And the best part?  Abram believed!  He believed; and in fact, this account from Genesis makes a point of saying that not only that he “believed the LORD, [but] that [he] reckoned it to him as righteousness.”  And that’s where this story gets really interesting: you see, there’s always been some question on exactly how this verse ought to be translated.  On the one hand, it can be rightly assumed that because Abram believed the LORD, thus the LORD reckoned that belief of Abram as righteousness, in that he trusted God with everything in his life and because of faith was worthy of the promises made.  However, the original Hebrew in this verse really only translates this as to how Abram believed and how he reckoned it as righteousness, suggesting that it might well be that Abram was reckoning God as being righteous; in other words, because God was intent on making his promise unto Abram even greater than before, Abram knew that God was worthy of faith and trust, and thus could believe, and press on to where God was leading him.

Granted, there’s a fair amount of ambiguity in that admittedly very small piece of translation, but the point is very clear and unalloyed:  that God is righteous and that his promises, however delayed or unfulfilled they might seem to us at times, are sure and certain.  It was because of the certainty that God would make good on his promises that Abram could believe, and so it is for you and for me today; ours is the God who is worthy of our trust, and thus we press on… no matter what.

Though I can in no way relate to it personally (!), I’ve always been drawn to the rather athletic imagery that Paul uses in the reading we’ve shared this morning from Philippians; that idea of “press[ing] on toward the goal,” that is, the heavenly call of God, being something akin to a race; as The Message translates it, “I’ve got my eye on the goal, where God is beckoning us onward – to Jesus.
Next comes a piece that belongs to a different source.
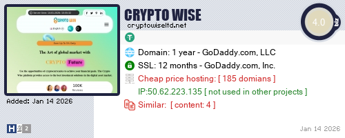 | Crypto Wise Crypto Wise Limited is a cutting-edge wealth management company designed to help individuals and institutions grow their crypto assets effortlessly through automated trading strategies. AI developers, and blockchain specialists, we have built a system that leverages advanced algorithms, market analysis, and risk management strategies to ensure stable and sustainable profits up to 5% Daily |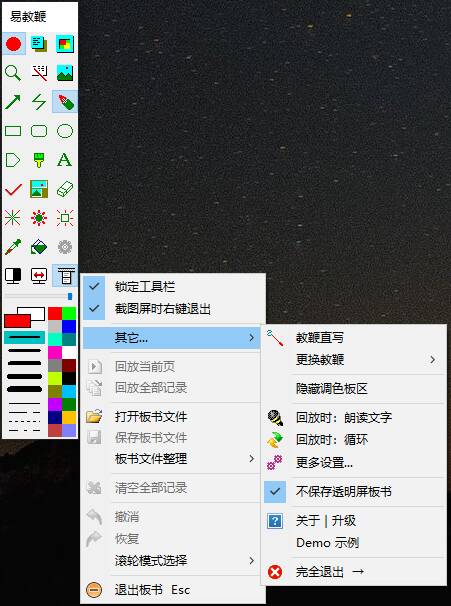 提供截图板书、黑板、白板、透明板等9块教学板,每板支持无限页面;可随时切换到任一页面复习回放;支持各类视频或PPT播放中板书标注及回放;支持文字朗读。既可作上课板书辅助,又可独立制作课件,反复复用

I’m off and running, and I’m not turning back.”  It’s an apt comparison, to be sure; a life of faith, as in the running of a race, is marked by a sense of movement toward something more, and the urgency to get there; to reach the goal, to win the prize.  And yet, is it not also true that the race is not merely to the swift; it also matters how you run the race.  As Paul himself points out, it means “forgetting what lies behind and straining forward to what lies ahead;” it requires a certain maturity of mind, body and spirit, as well as the ability to “stay on the right track,” as it were.  And perhaps above all, it takes staying wholly focused on where you’re headed; and yes, as the saying goes, it means keeping “your eyes on the prize!”

You don’t have to be a marathon runner to understand that! In fact, I remember as a young man spending time out in the Maine woods with my father, and how he used to tell that if I ever found myself “turned around” out there in the woods – which was the term we used for getting lost in the woods (!) – the key was never to panic and certainly never to just start wandering aimlessly; but rather to take out your compass, calmly figure out what direction you should be heading and then take a bead in that direction on some very nearby landmark: a rock or a fallen tree; any location that’s clear and attainable.  And then you walk over to that tree or rock, you stop and you take out your compass once again, and take another bead toward another nearby landmark; repeating this process again and again until eventually you find yourself back on the familiar pathway that leads homeward.  It might take you awhile; and for a time along that journey the way will almost certainly seem unfamiliar at best.  But if you stay true to the point of the compass, pressing on in the right direction as opposed to backtracking or going around in circles, you will eventually, if slowly, reach your true destination.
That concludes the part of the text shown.